Private debt is irrelevant. Private citizens and private companies are and should be allowed to get into as much debt as they wish.
It is their money, it is their obligation, their responsibility.
No one is pointing a gun to their heads.
And how would you even think of lowering debt ownership? Hike interest rates? Then how will the new investments be realised?
Okay... let’s start with some simple explanations about how the System works.
Private debt is the money Turkish citizens owe to the Turkish banks and believe me it’s not an irrelevant matter even if nobody is made to take a loan with a gun on his head.
The credits the banks give are their assets because they bring them profits in the form of interest payments people pay back. Banks are interested to give more loans because that brings them more profits.
On the other hand all the money people and companies deposit in the banks are liabilities for the banks because banks don’t only keep the deposited money safe but also have to pay a small interest to their owners.
The Banks work like that: they accumulate deposits and then use them to give other people loans. With the interests and the loans people pay back to the Bank it pays a smaller interest to the deposit owner for using his money. The difference is a net profit for the bank.
Considering that all the deposits in the Turkish banks cover only around a half of all the private loans they give it means that they should be looking for more financial resources from somewhere else. From where you might ask?
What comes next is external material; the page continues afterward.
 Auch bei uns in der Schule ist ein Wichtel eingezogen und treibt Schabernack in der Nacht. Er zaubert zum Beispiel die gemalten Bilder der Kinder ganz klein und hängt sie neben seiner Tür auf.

From the international financial markets. Turkish banks take loans from bigger international banks and financial institutions to fuel the credit market in Turkey that brings them tens of billions every year (net profit of the Turkish banking sector last year was 13$ billion). Indirectly from this huge amount of money billions fly away from Turkey every single year.
You talk about investments and I have nothing against using loans to invest in a business that will potentially bring me and the Turkish economy money and profits. How much of all this debt is used for investments though?
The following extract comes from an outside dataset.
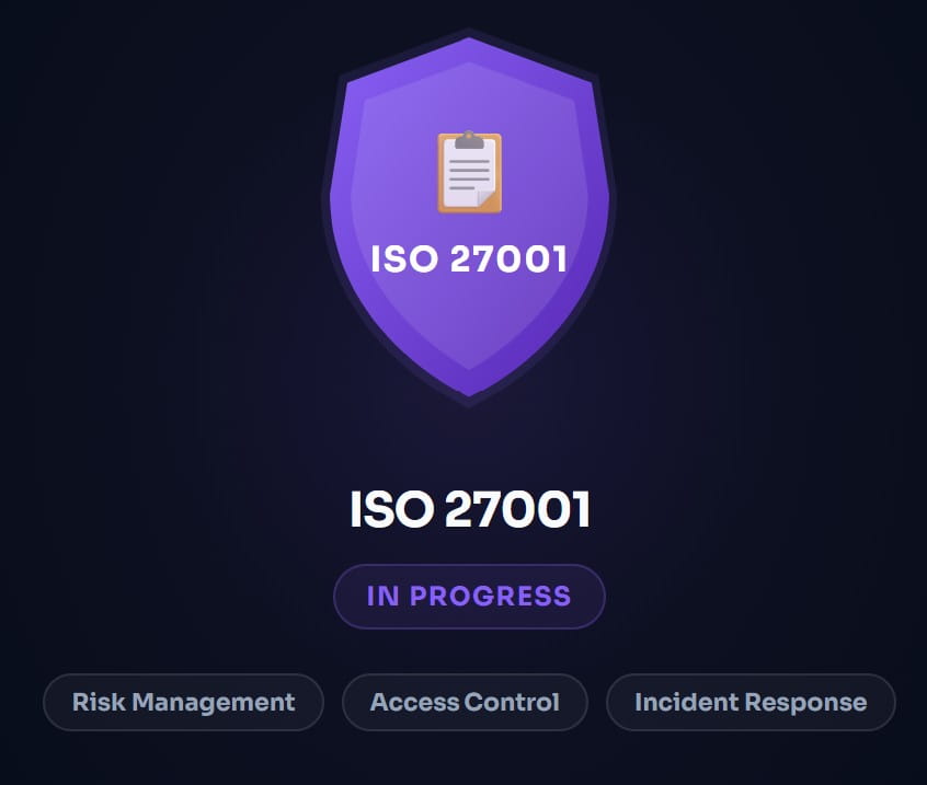 Information security management system certification in progress. Expected completion Q3 2026.

Majority of it is used for everyday spendings like paying bills, buying new jeans and Nike shoes in the mall, to get the new Iphone or in more rare cases to buy a new car to show off in front of your neighbors. I am sure that you know many people who are just addicted to their credit cards or owe money to a credit institution.
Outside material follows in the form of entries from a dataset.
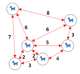 그림과 같이 여섯 마리의 강아지가 한 섬에 한 마리씩 있다. 그림에서 화살표는 섬과 섬 사이를 오갈 수 있는 뱃길이며 각 숫자는 이동에 필요한 연료의 양을 나타낸다. 배도 여섯 척이 있어 섬마다 한 척씩 대기하고 있다. 모든 배는 한 번에 최대 다섯 마리를 태울 수 있을 만큼 크다.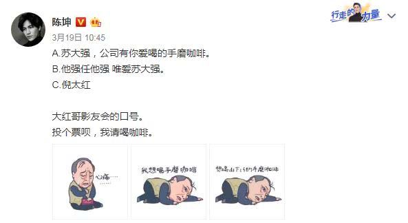 连着写了苏大强这么多热搜,可见大家对于大强是真喜欢,陈坤还专门发了一条微博让网友票选影友会口号。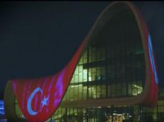 Projection of the Turkish flag was placed on the Heydar Aliyev Center’s building in Baku, Azerbaijan, Trend reports.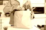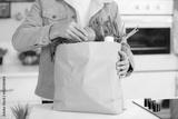 man unpacking shopping from a paper bag
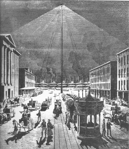 This week I learned about' 'moon lights' via Hayes Davenport's newsletter. Moon lights were an insane-sounding form of urban lighting that used carbon arc lamps suspended on massive towers. The lights were hundreds of feet tall and extremely bright, intended to illuminate several city blocks. Carbon arc was early form of electric lighting which relied on an electric arc passing through the vaporized particles of two closely-aligned carbon rods. They were labor-intensive to maintain (the carbon rods had to be replaced frequently) and eventually made obsolete by increasing building height blocking the light horizontally. Smaller, distributed filament-based streetlights became the standard, though a few cities still preserve towers as curiosities.

For now the system is working fine- people still manage to pay back their loans, they still consume and buy and spend money (that are not theirs in many cases) on things, the Government keeps building many things with a questionable economic value (airports and stadiums in places where they will be nothing else but white elephants), the printing machines keep pushing liras into the economy, also exports are rising and the economic climate in the world is pretty good too.
What will happen if a mini 2008-2009 World crysis repeats again and all the international hot money stop flowing into Turkey though?
What if people can’t pay back their debts or if businesses can’t do it too and go bankrupt because of their heavy debts? What if the construction bubble bursts like in America a decade ago?
Many economists say that Turkey’s current economy is a huge bubble which not sustainable for the future and they don’t say it because they are jealous or something but because it is true.